Según los anuncios que nos están llegando casi diariamente a través de facebook y por correo electrónico, en la próxima semana los jóvenes de nuestra iglesia en Estados Unidos celebrarán en Atlanta una conferencia nacional bajo el título: “Descubre la Esencia de la Santidad”.
Quisiera aportar un granito de arena en el interés de ese descubrimiento tan valioso y tan necesario en nuestros días.
Sé que este aporte no se evocará durante la conferencia, por eso lo estoy escribiendo para cada joven en particular. No es este un tema para la conferencia, es una reflexión personal y privada para cada uno de los jóvenes que tenga la oportunidad de leerlo, y que pueda llevarlo en su mente cuando se reúna en aquel lugar.
La santidad es una demanda en la Biblia de tapa a tapa. Sin lugar a dudas Dios quiere que el creyente sea santo. “Sed santos, porque yo soy santo”, dice más de una vez el texto sagrado.
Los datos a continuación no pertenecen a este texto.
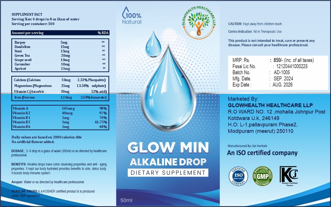 GLOW MIN AN ALKALINE DROP FOR DIATERY SUPPLEMENT.
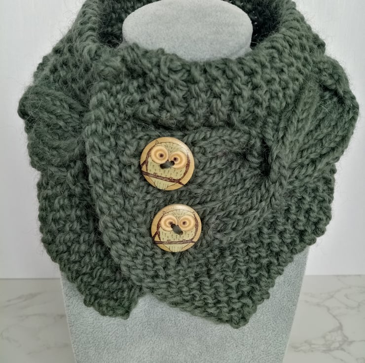 Cable knit neck warmer in khaki green with wided-eyed owl button closing.
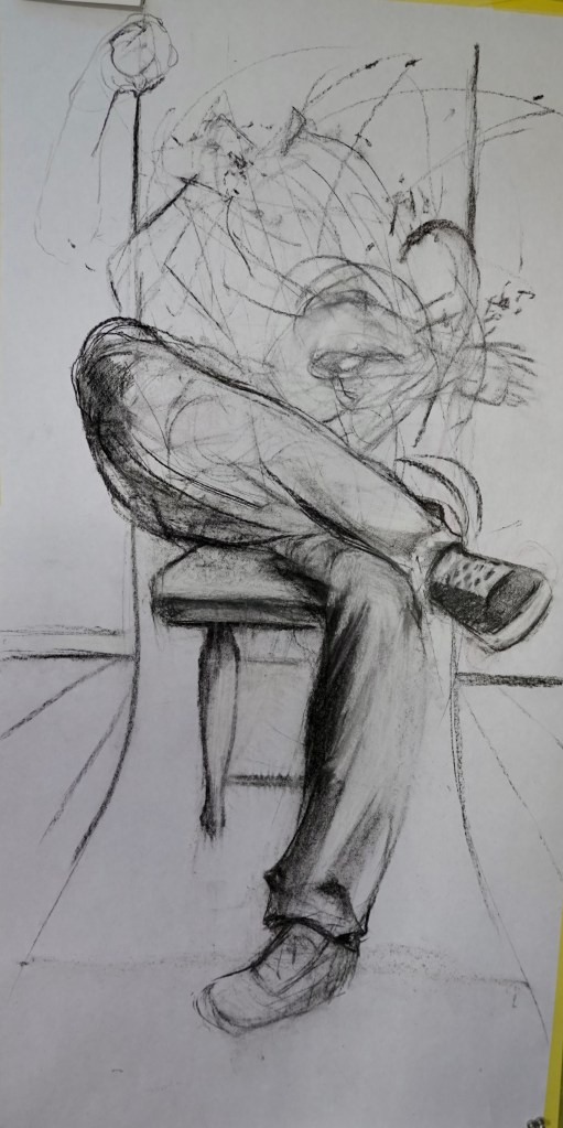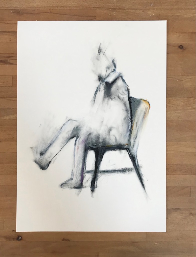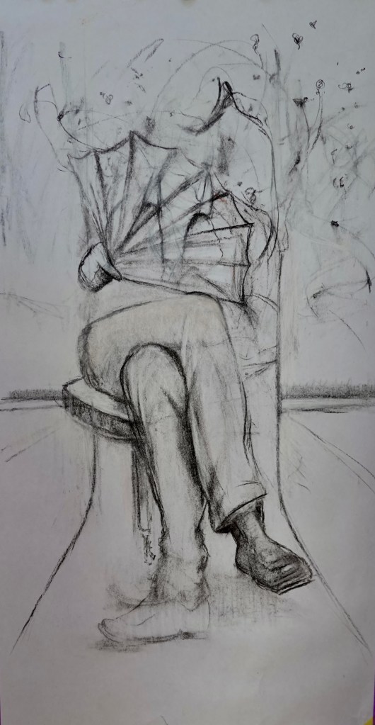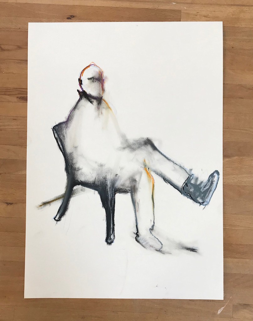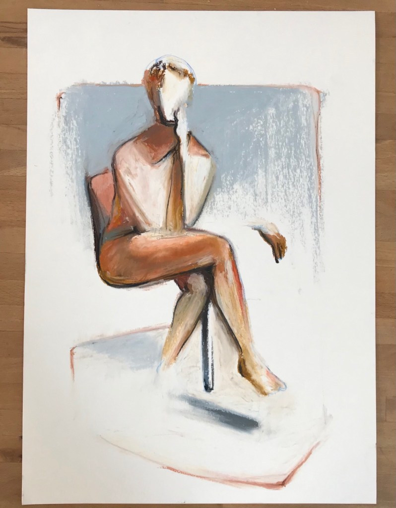 A partir de personnages assis en réflexion, en attente… Prendre le temps de regarder à l’intérieur comme à l’extérieur.
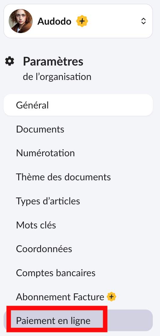 2. Puis, dans les paramètres de votre compte, cliquez sur la rubrique "Paiement en ligne".
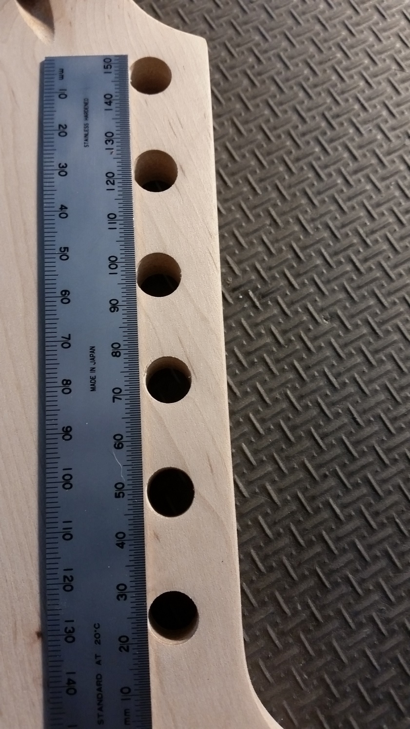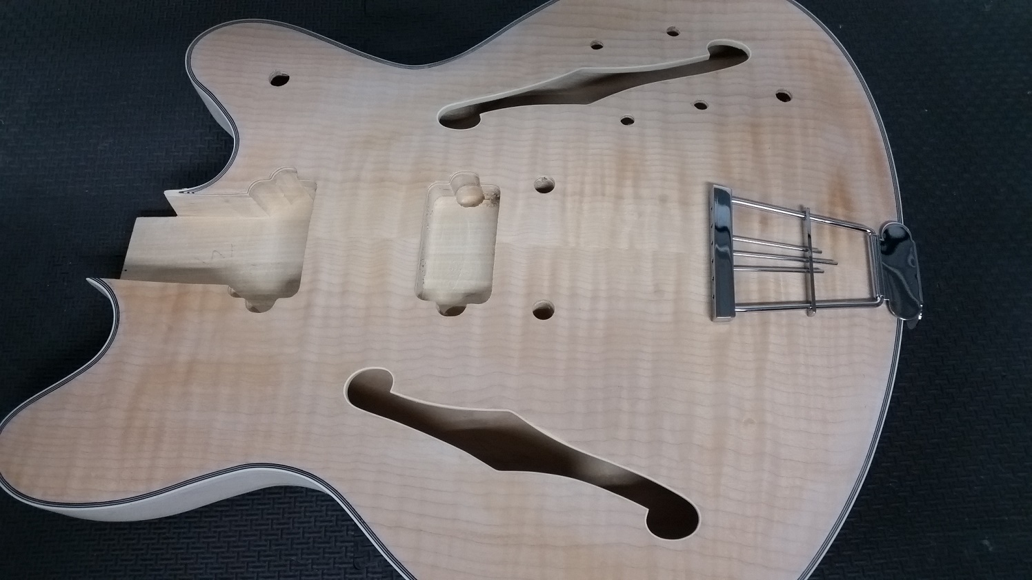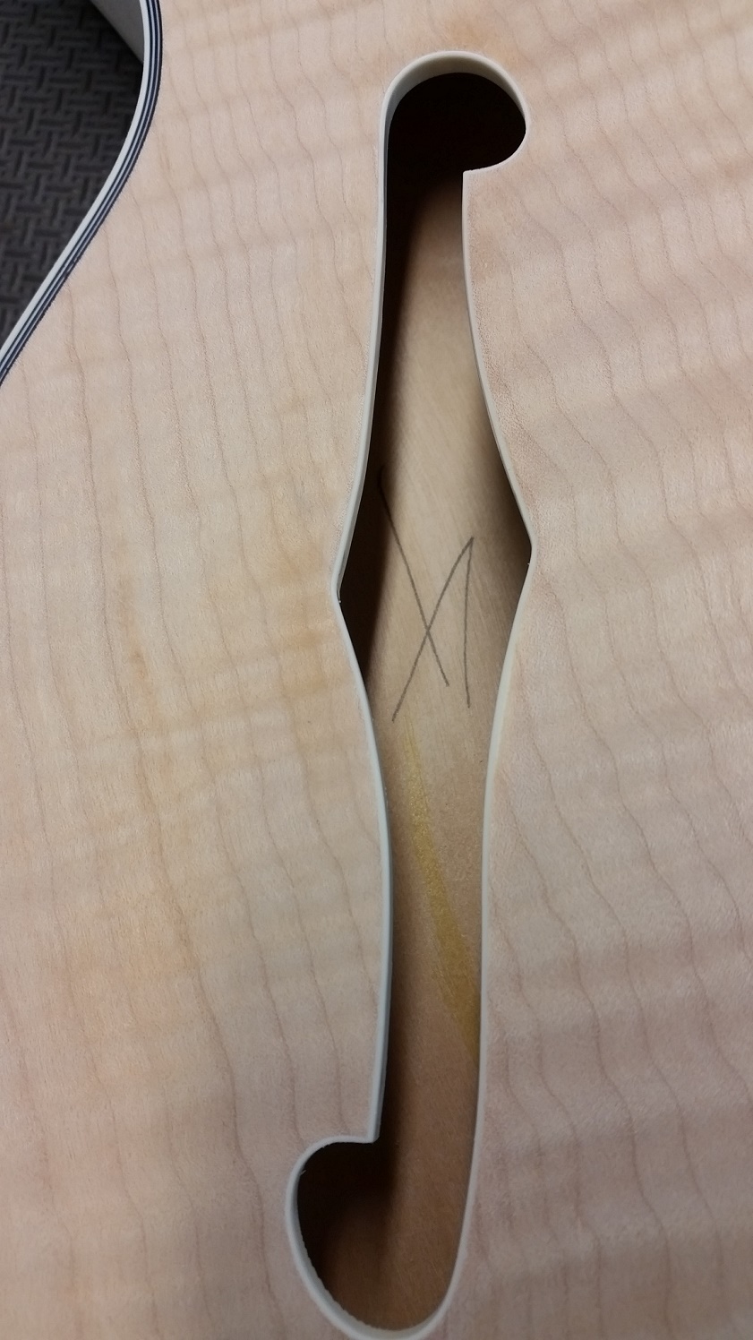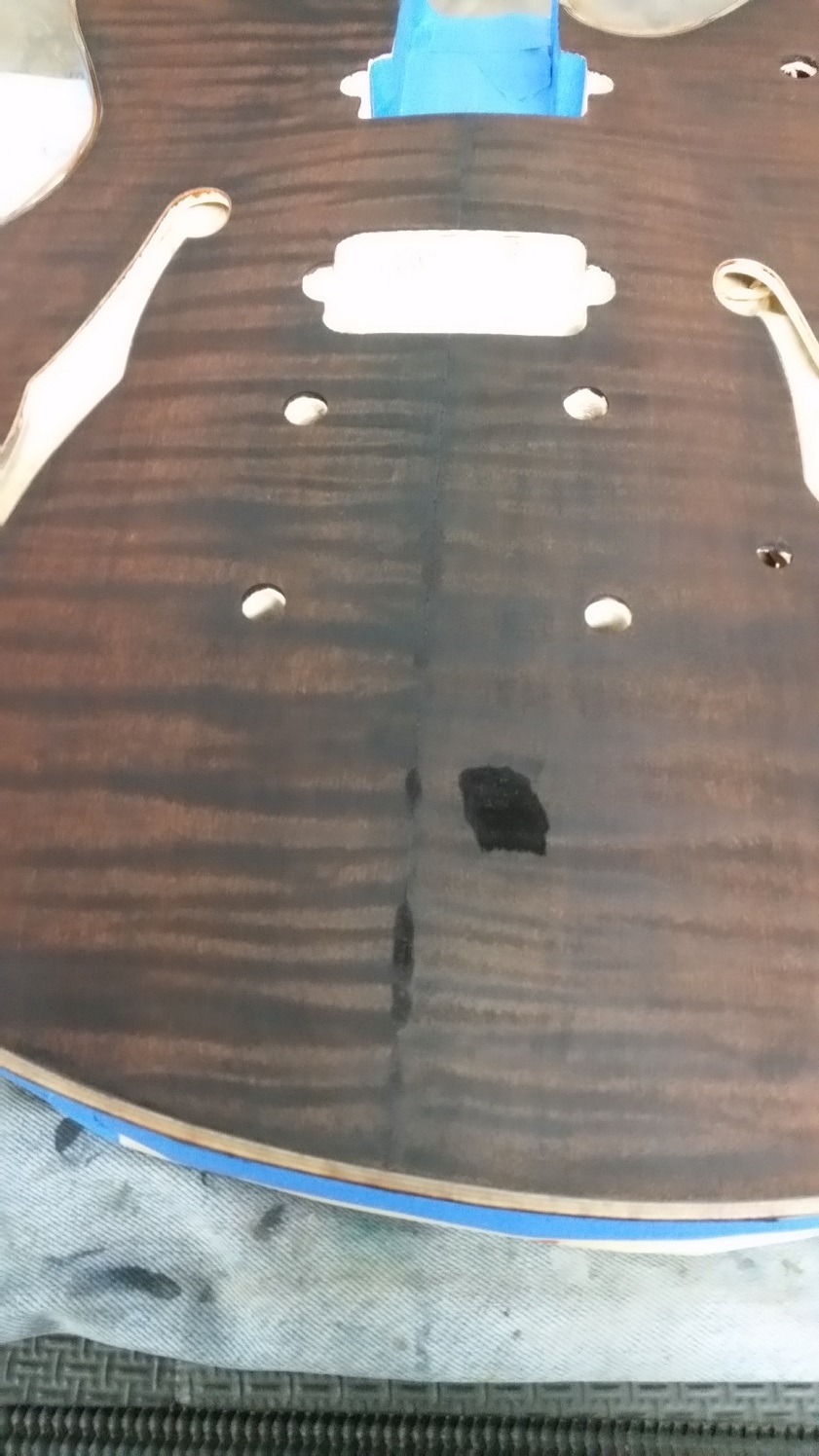 Flame top is really nice and have only found a couple of small glue spots. Speaking of glue, unfortunately some has run along the back of the body inside the bass side f-hole. Haven't tried to remove it yet, just hope it hasn't stained the timber too much. Still scratching my head as to why someone at the factory would put a pencil thru both f-holes and mark (sign?) the back of the body.

Evidentemente la santidad siempre va a ser el resultado de obedecer los mandamientos de Dios. El Señor ha promulgado leyes y mandamientos cuyo fin es lograr que el hombre sea santo, obedeciéndolos.
Sin embargo, lo que pudiera estar acertado o equivocado es el camino que cada uno siga para conquistar esa santidad basada en la obediencia y la fidelidad a los mandamientos de Dios. Y sobre eso es que quiero reflexionar aquí.
Inexcusablemente somos pecadores y siempre seremos pecadores. Por lo tanto solamente puede justificarnos, salvarnos y santificarnos diariamente, el perdón de Dios que se nos concede por gracia, cuando depositamos nuestra fe en Cristo y en su sacrificio expiatorio. Y eso, como ya está dicho, debe ocurrir diariamente, no una vez en la vida. Tal es el camino de la santidad verdadera. Entonces la legítima santidad se alcanza sólo bajo un estado de gracia y de perdón divinos, por la influencia y el poder del Espíritu Santo.
Y de esta experiencia con la gracia, el perdón y el poder del Espíritu Santo para santificarnos, tenemos un testimonio muy vivo y práctico muchos de quienes hemos sido bautizados con el Don del Espíritu Santo. El día en que recibimos la Promesa de Dios nos llenó el alma un santo temor a tal punto que nos parecía faltarle a Dios con solo pensar algo incorrecto o decir una palabra inadecuada. Nos parecía que todo era pecado, y nos cuidábamos hasta de lo más mínimo que pudiera parecer una falta. Acabados de recibir nos sentimos santificados y fuimos santos sin tener que hacer mucho esfuerzo personal y especial de obediencia. Obedecíamos a los mandamientos y leyes de Dios empujados por el temor que el recién recibido Don del Espíritu Santo puso en nuestras almas. A eso es a lo que llamo “un estado de gracia y de perdón divinos”.
Ahora bien, al ir pasando los días, unos en más otros en menos tiempo, fuimos perdiendo aquel estado de temor y reverencia que tuvimos inmediatamente después de recibir el bautismo del Espíritu Santo. ¿Qué nos pasó? ¿Por qué ya no nos daba temor cualquier cosa que pensáramos o dijéramos? Y hasta no solamente comenzamos a pensar y a decir cosas incorrectas, sino inclusive a cometer actos incorrectos y hasta pecaminosos.
Si nos ponemos a reflexionar y a reconocer sinceramente sobre lo que nos pasó, vamos a encontrar que nos fuimos involucrando poco a poco en los asuntos cotidianos de la vida, y con ello fuimos descuidando la búsqueda espiritual que practicamos antes de recibir el bautismo del Espíritu Santo, y que nos llevó al estado de gracia y comunión con Dios, mediante el cual recibimos la santificación del Espíritu Santo, el perdón de nuestros pecados.
¿Qué hubiera ocurrido si en lugar de descuidarnos en la búsqueda de la comunión con Dios, hubiéramos continuado como antes de recibir: orando con esa misma necesidad, leyendo la Biblia con el mismo interés, implorando el perdón de nuestros pecados con las mismas lágrimas ardientes de arrepentimiento, todos los días? Hubiéramos continuado viviendo bajo el mismo estado de gracia y perdón divinos, y el Espíritu Santo hubiera tenido una participación diaria con nosotros. Así el temor y la reverencia hacia Su Persona y sus mandamientos que tuvimos al principio nunca hubieran dejado de existir. Porque ese temor al pecado (la raíz de la verdadera santidad) sólo lo da la presencia viva, poderosa y eficaz del Espíritu Santo en la vida del creyente. Y repito, esa presencia sólo se obtiene bajo un estado de gracia y perdón de Dios, diario.
Para mi, esa es la esencia de la verdadera santidad. Dios quiera y nuestros jóvenes puedan cumplir sus deseos en Atlanta, y hagan tal descubrimiento en sus propias almas.